:: Material for the task ::
^^^^

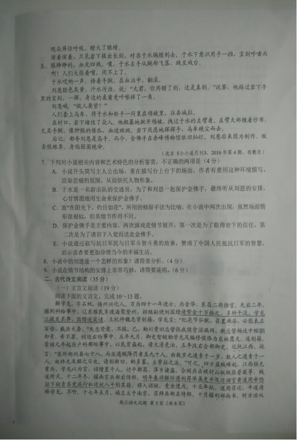 豫南九校2016-2017学年上期期末质量考评高三语文试题及答案(5)
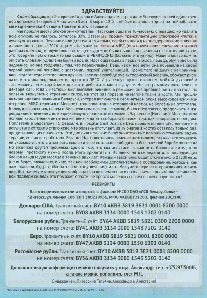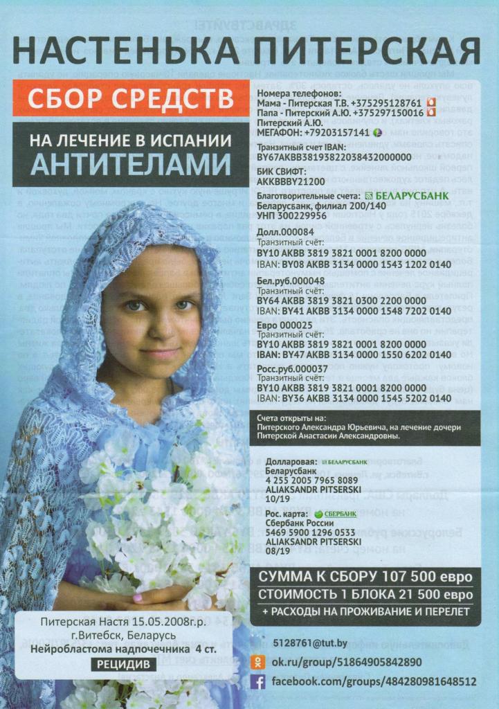 Насте Питерской из Витебска собирают деньги на лечение от рака. Один блок терапии антителами в Испании стоит 21,5 тысячи евро. Проводить лечение нужно каждые два месяца.
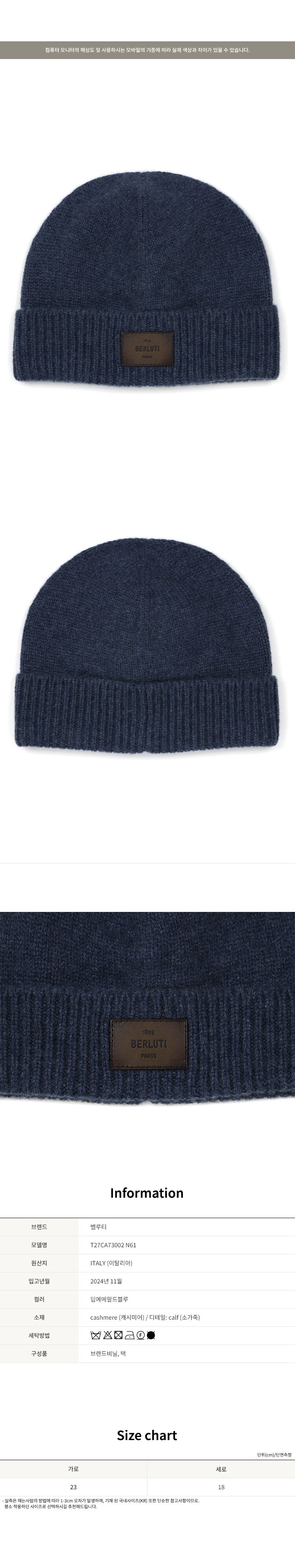 [명품] 벨루티 딥 에메랄드 블루 로고 캐시미어 비니 T27CA73002 N61
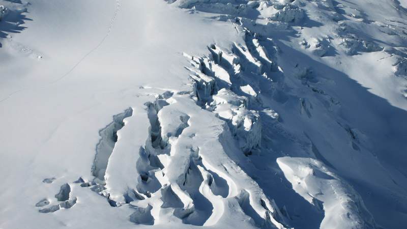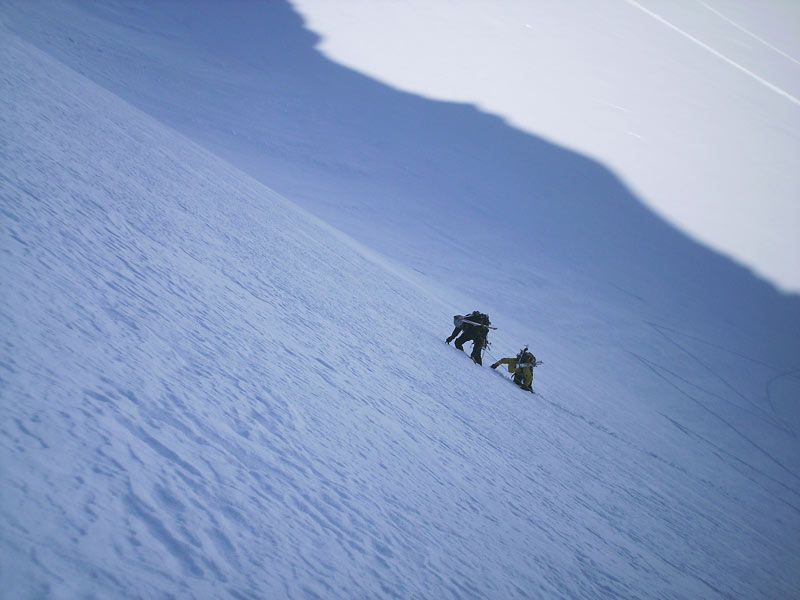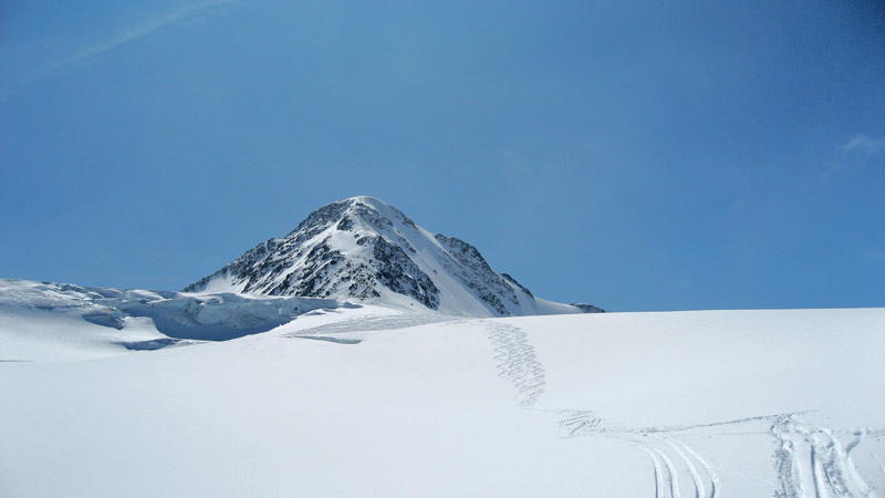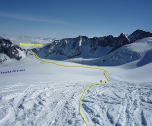 Hier vom Mitterbergferner auf den Taschachferner wechseln und dem Normalweg zur Wildspitze über den Taschachferner folgen bis man direkt vor dem hinteren Brochkogel steht, hier verlässt man die Spur und quert unter der Nordwand bis zum Einstieg.
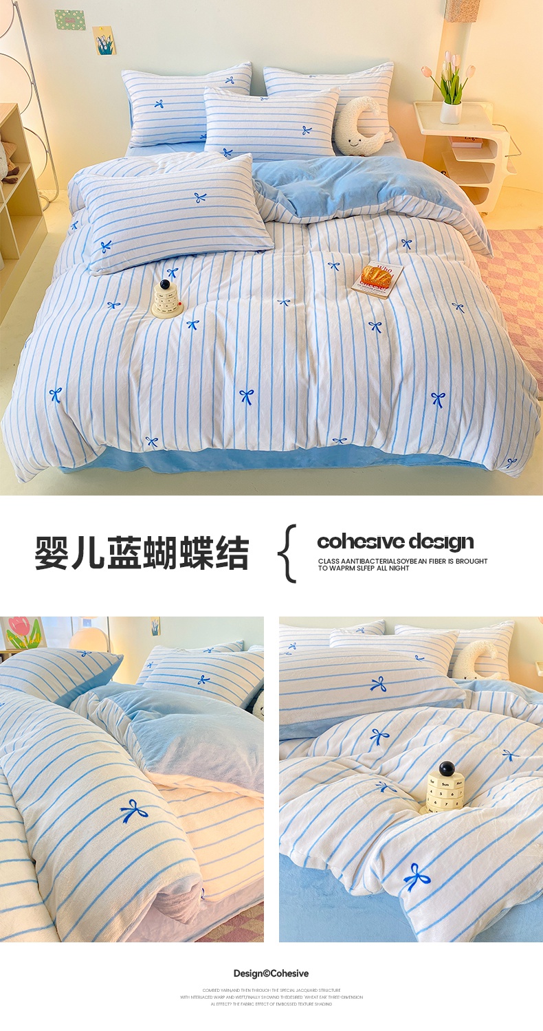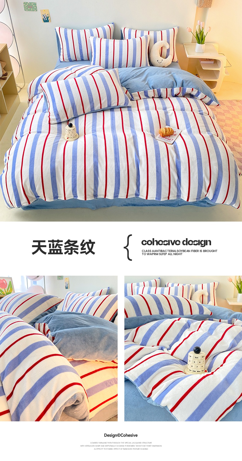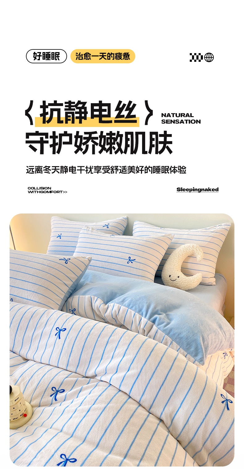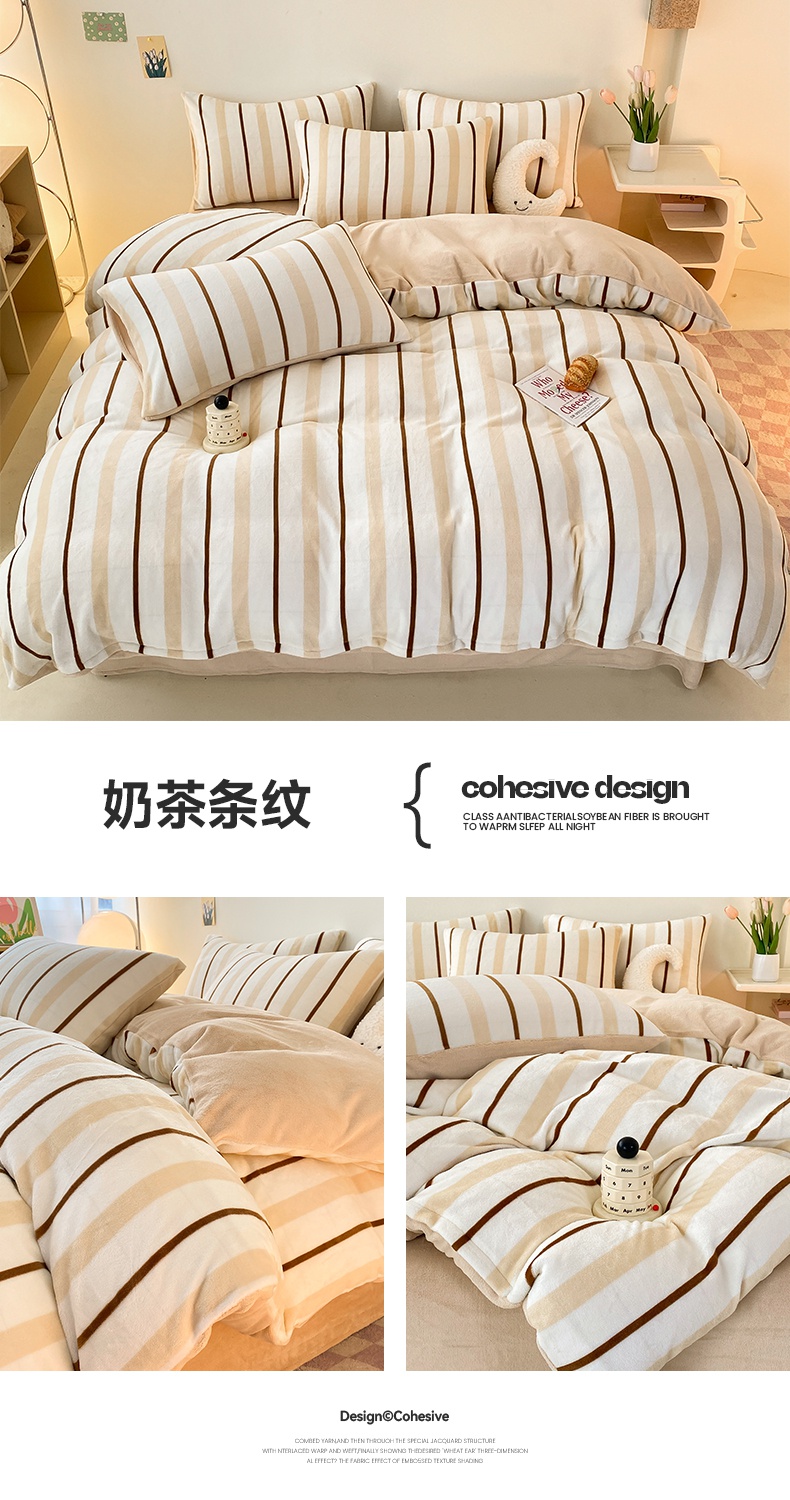 2024新款高克重印花牛奶绒四件套条纹风格二 奶黄条纹

^^^^

:: Task requirements ::
Starting at the line that contains "[명품] 벨루티 딥 에메랄드 블루 로고 캐시미어 비니 T27CA73002 N61" and ending at the final line of the data, reproduce each line exactly. Pictures stay out of the copy.

:: Final answer ::
 [명품] 벨루티 딥 에메랄드 블루 로고 캐시미어 비니 T27CA73002 N61
 Hier vom Mitterbergferner auf den Taschachferner wechseln und dem Normalweg zur Wildspitze über den Taschachferner folgen bis man direkt vor dem hinteren Brochkogel steht, hier verlässt man die Spur und quert unter der Nordwand bis zum Einstieg.
 2024新款高克重印花牛奶绒四件套条纹风格二 奶黄条纹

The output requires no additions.